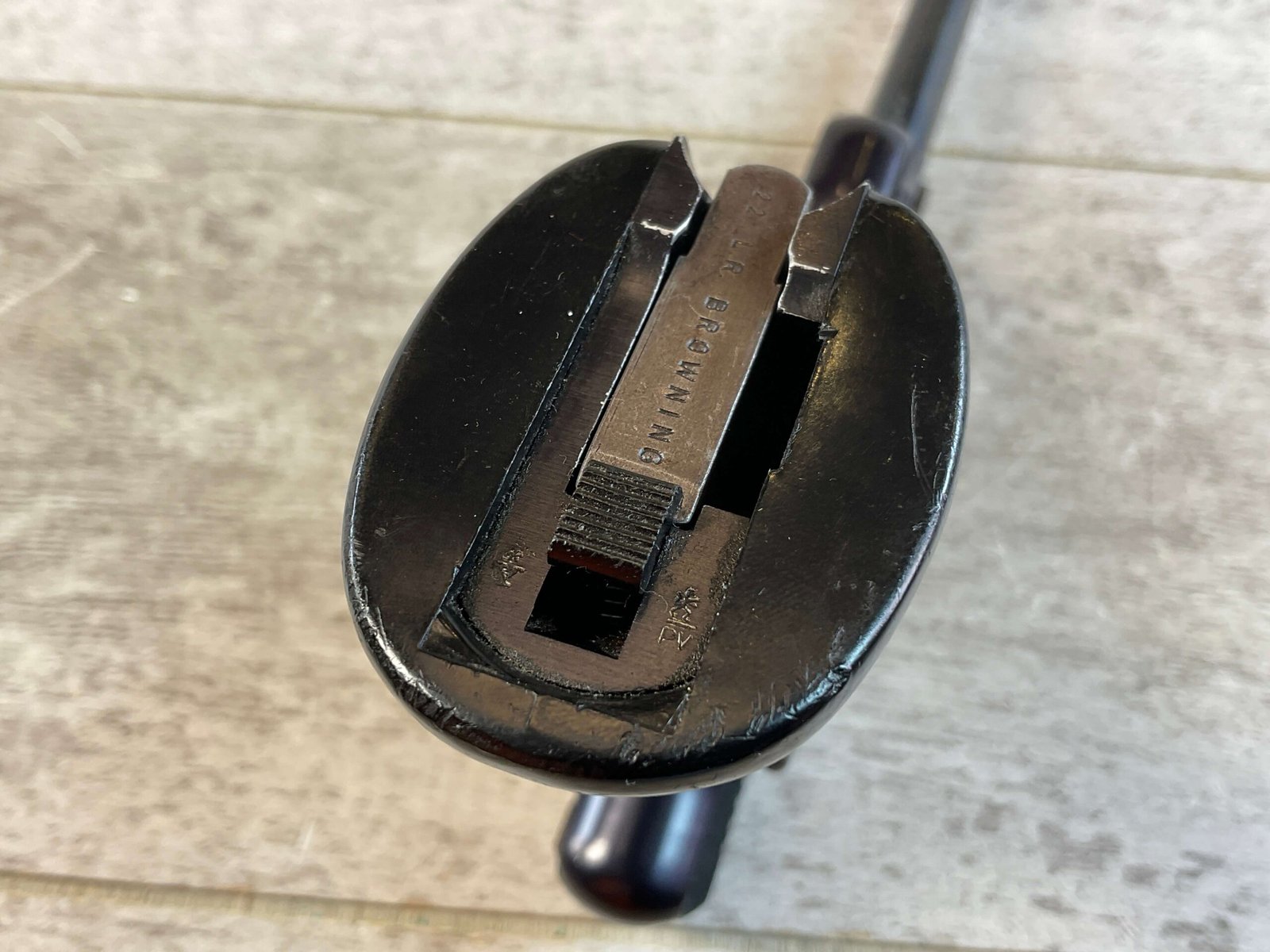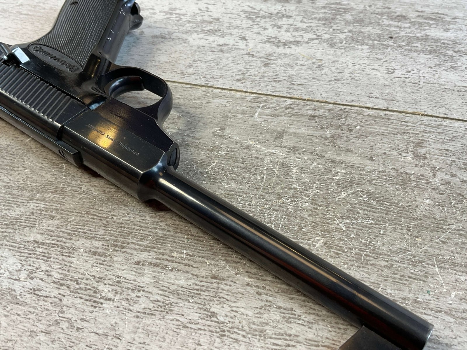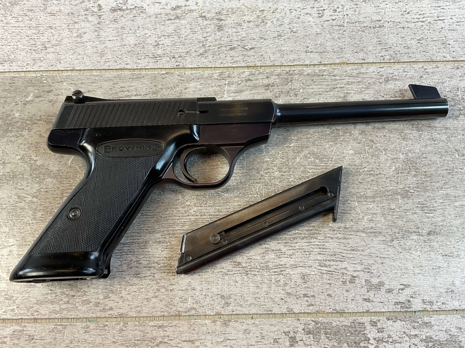 BROWNING NOMAD .22LR SEMI AUTO PISTOL #62902P6, 6 3/4″ BARREL, EXC BORE & RIFLING, EXC BLUE, EXC BLACK CHECKERED PLASTIC GRIPS, 2 MAGAZINES, MADE IN BELGIUM, 95%+ OVERALL, CONDITION AS SHOWN IN PICTURES.
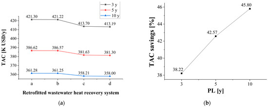 First, sensitivity analysis of on TAC was conducted because could be changed depending on the situation of the textile plant. Thus, as shown in Figure 7, sensitivity analysis of TAC was conducted by changing to 3 years and 10 years. Figure 7a represents the TAC of each retrofitted system as the changes, and Figure 7b shows the maximum possible TAC savings as the changes.
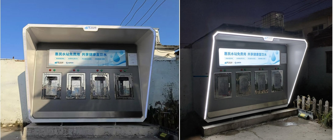 晨天环境获悉此项目情况后,第一时间组织专业团队进行实地考察、制定改造方案。考虑到项目实际情况,决定采用户外一体化直饮水站的形式,直接利用地下水源,经过特定工艺流程后可精准去除硝酸盐、砷、氟等有害物质,出水水质能够达到瓶(桶)装饮用水标准。不仅如此,晨天环境户外一体化直饮水站具备工业级的制水能力及模块化可拓展设计,未来可直接升级为村庄的直饮水水厂,接入管道后即可实现直饮水入户,真正做到从水源到水龙头的全过程安全饮水保障。考虑到我国的治水方针及健全完善运行管理体制机制的要求,直饮水站预留废水回收系统,选址在学校、商业等公共场所密集区域,可将废水作为中水水源使用,充分利用水资源。同时直饮水水站的外形及功能设计也充分融入智慧泵房的建设标准,如防寒抗冻、绿色能源、运维检修、实时监测、远程控制等,能够有效降低运行维护成本,且有助于后期实现智能化统筹管理,为宁河区农村供水高质量发展贡献力量。
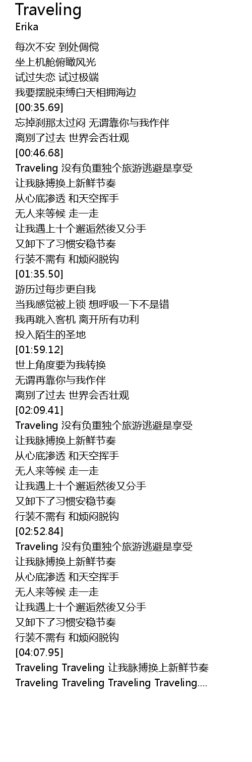 | [04:09.05] | Traveling Traveling 让我脉搏换上新鲜节奏 |
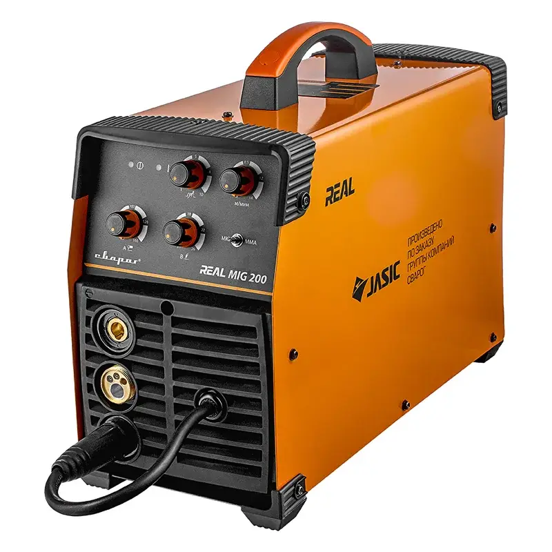 Сварочный инвертор Сварог REAL MIG 200 N24002N работает в режимах MMA и MIG/MAG, а также поддерживает регулировку сварочного тока от 10 до 200 А. Ролики рассчитаны на проволоку сечением 0,6, а также 0,8 и 1 мм.
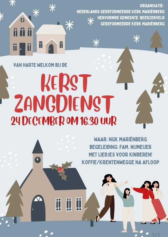 gezamenlijke kerken uit Mariënberg en Beerzerveld een kerstzangdienst in de
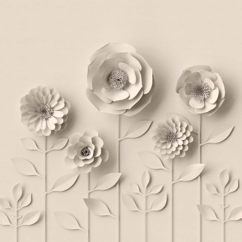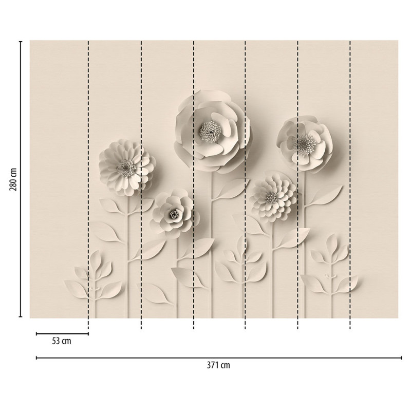 Papier peint panoramique en vinyl sur intissé floral 3D beige L 371 x H 280 cm AS CREATION
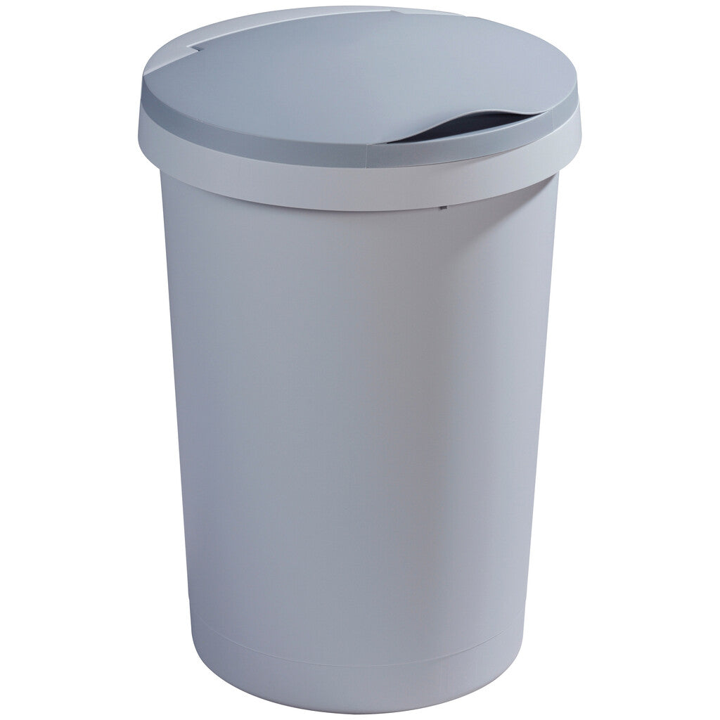 Ronde kunststof afvalbak met losse top en klepdeksel voorzien van een ergonomische handgreep. Het deksel kan verticaal open gezet worden. Makkelijk schoon te maken.
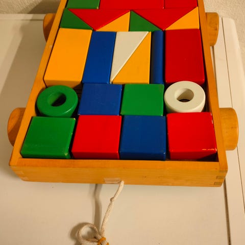 LEGETØJ: Trækvogn med træ klodser
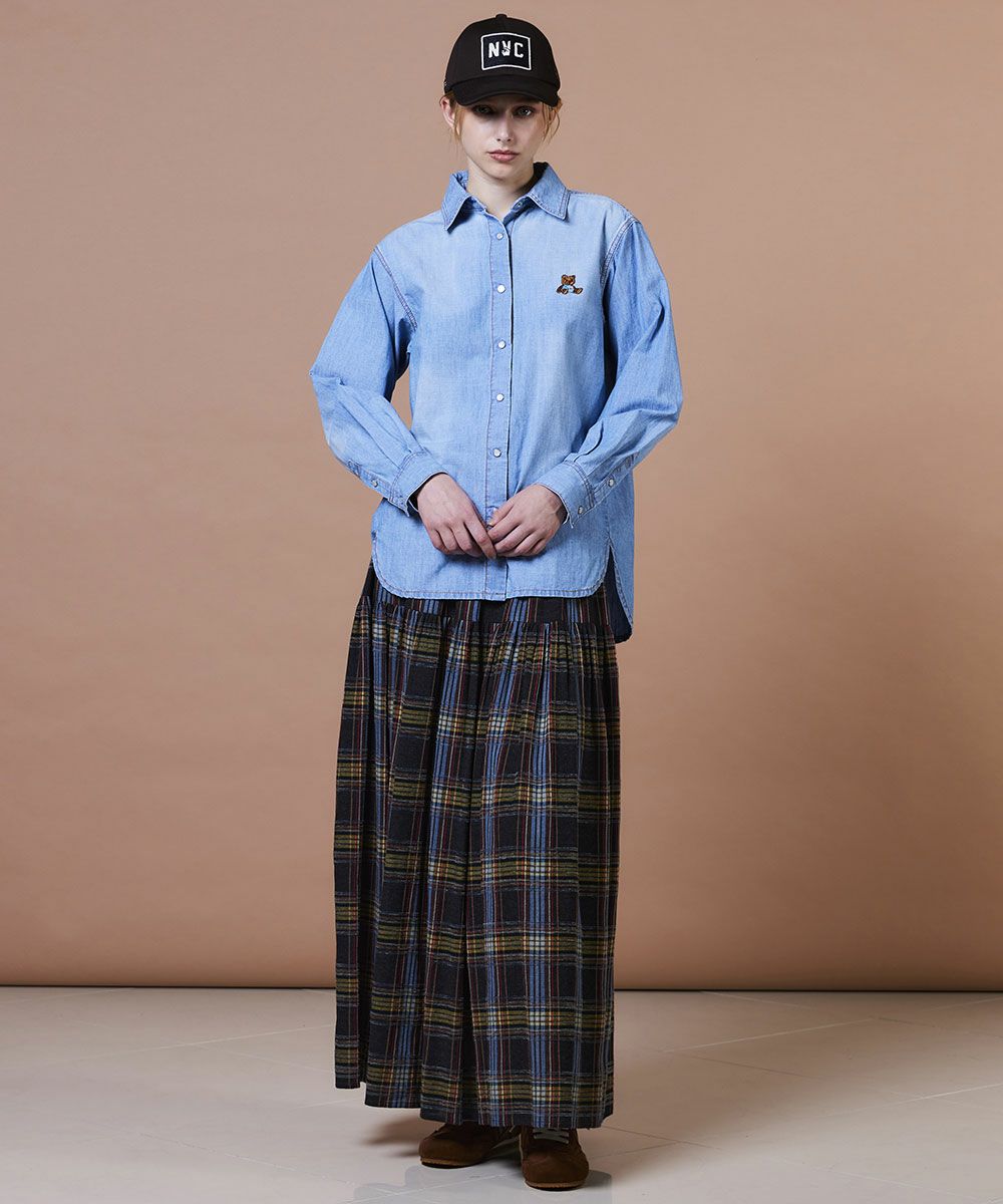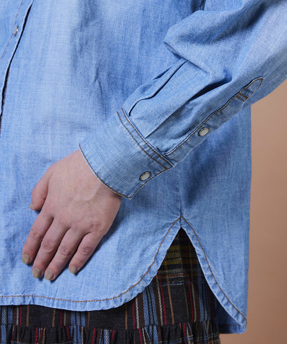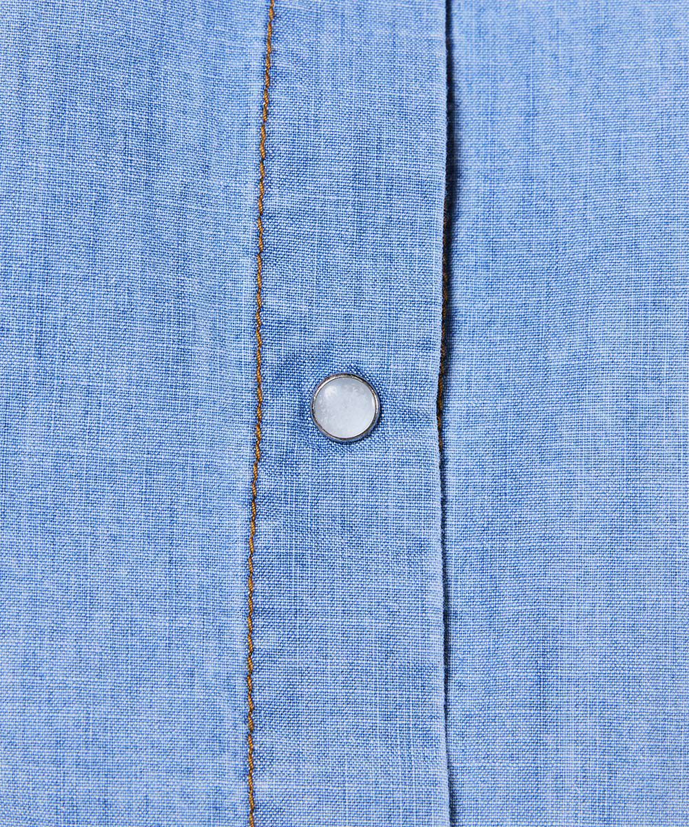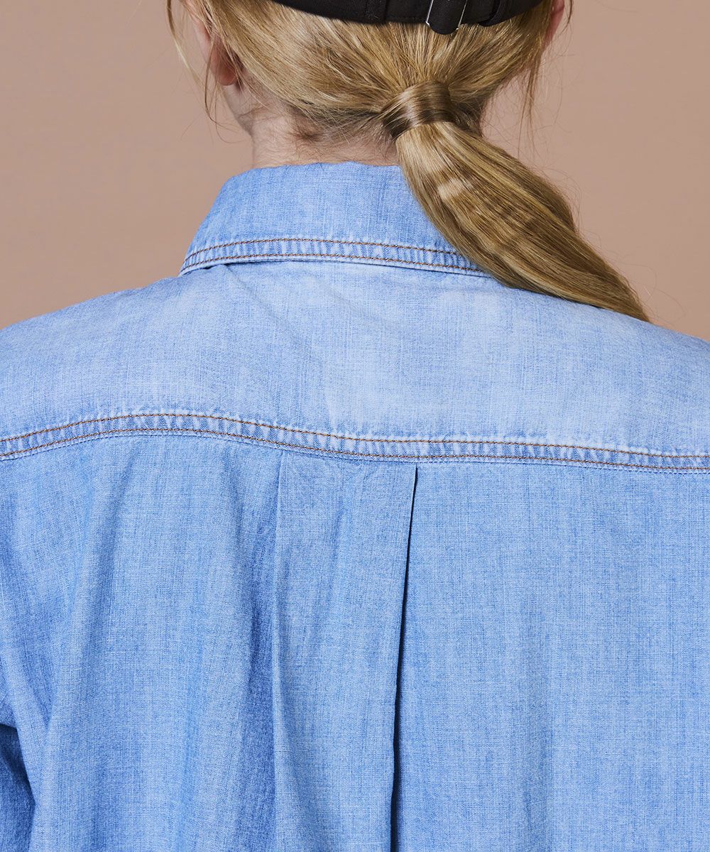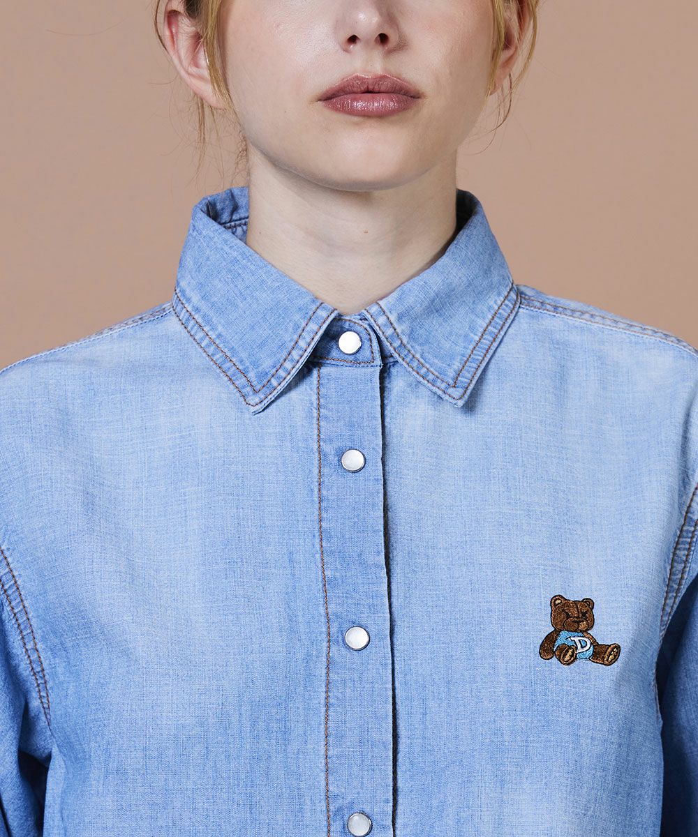빈티지한 느낌이 매력적인 데님 셔츠. 가볍고 통기성이 좋은 샴브레이 원단에 수작업으로 정성스럽게 색바램 가공을 하여, 리얼한 사용감을 표현했습니다. 가슴부분에는 오리지널 캐릭터의 자수를 장식해, 장난기를 플러스. 심플하면서도 존재감 있는 한 장은, 한장만 입기에도 좋고, 걸쳐입기에도 활약하는 착용력이 높은 아이템입니다.
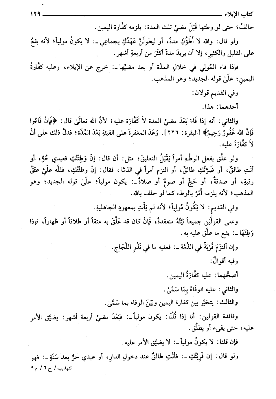 فإذا فاء المولي في خلال المدة أو بعد مضيها-: خرج عن الإيلاء، وعليه كفارة اليمين؛ على قوله الجديد؛ وهو المذهب.
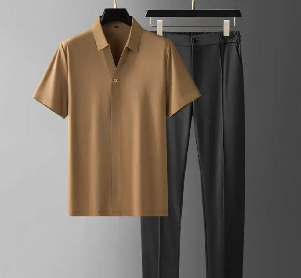 Stijlvolle Luxe Heren Set – Polo & Broek voor een Verfijnde Look
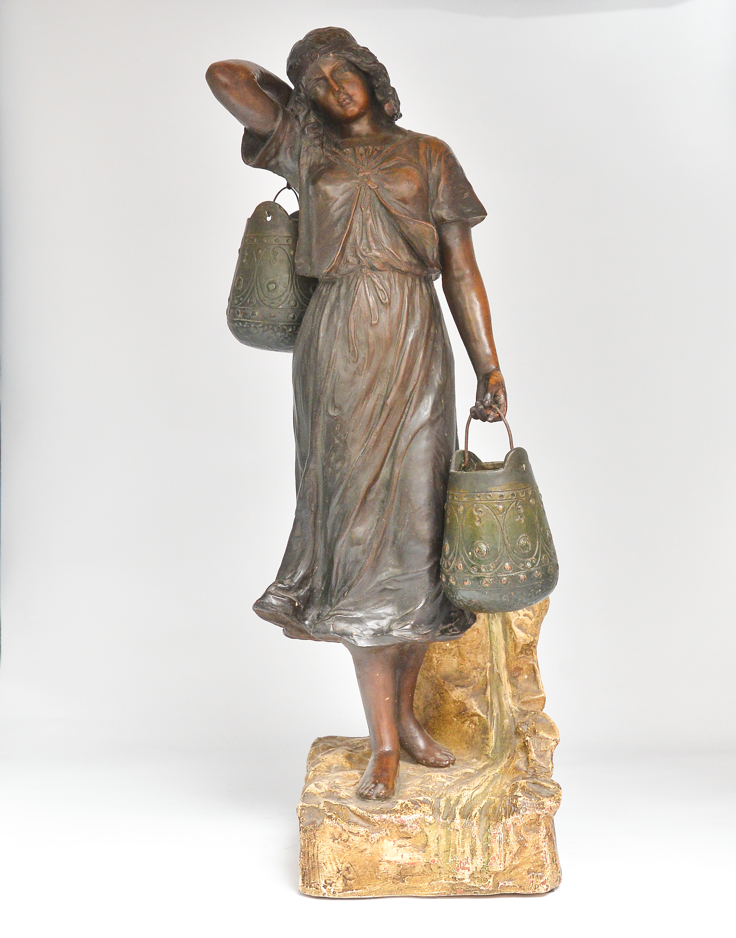 Portatrice d'acqua, scultura in terracotta risalente ai primi del '900. Alla base timbro della Manifattura Lazzaro di Treviso
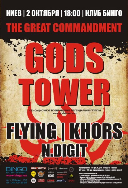 2 октября 2010 года в киевском клубе "Бинго" GODS TOWER отыграет свои лучшие и новые хиты, а The Great Commandment представит одни из лучших и новых групп в своих направлениях. Стоит отметить, что в последний раз GODS TOWER посетили Киев на The Great Commandment в мае 2001 года, незадолго до своего распада. И теперь, спустя 9 лет, они снова с нами!
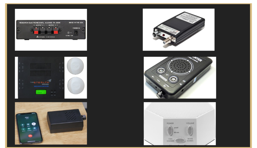 Akustik Parazit (Ultrasonik Bozucu): Bu cihazlar, insan kulağının duyamayacağı frekanslarda (ultrasonik) veya özel olarak tasarlanmış gürültü frekanslarında yayın yaparak, çevredeki tüm ses kayıt cihazlarının (cep telefonu, ses kayıt cihazı, dinleme böceği) mikrofonlarını bloke eder. Mikrofon, konuşulanı değil, sadece yoğun paraziti kaydeder.

* * * * * * * * *

• **INSTRUCTIONS FOR THE TASK**:
Going by the entries above, repeat exactly the lines that start at the line with "Papier peint panoramique" and go on through the line with "Ronde kunststof afvalbak". Pictures are not part of the copy.

• **WRITTEN ANSWER**:
 Papier peint panoramique en vinyl sur intissé floral 3D beige L 371 x H 280 cm AS CREATION
 Ronde kunststof afvalbak met losse top en klepdeksel voorzien van een ergonomische handgreep. Het deksel kan verticaal open gezet worden. Makkelijk schoon te maken.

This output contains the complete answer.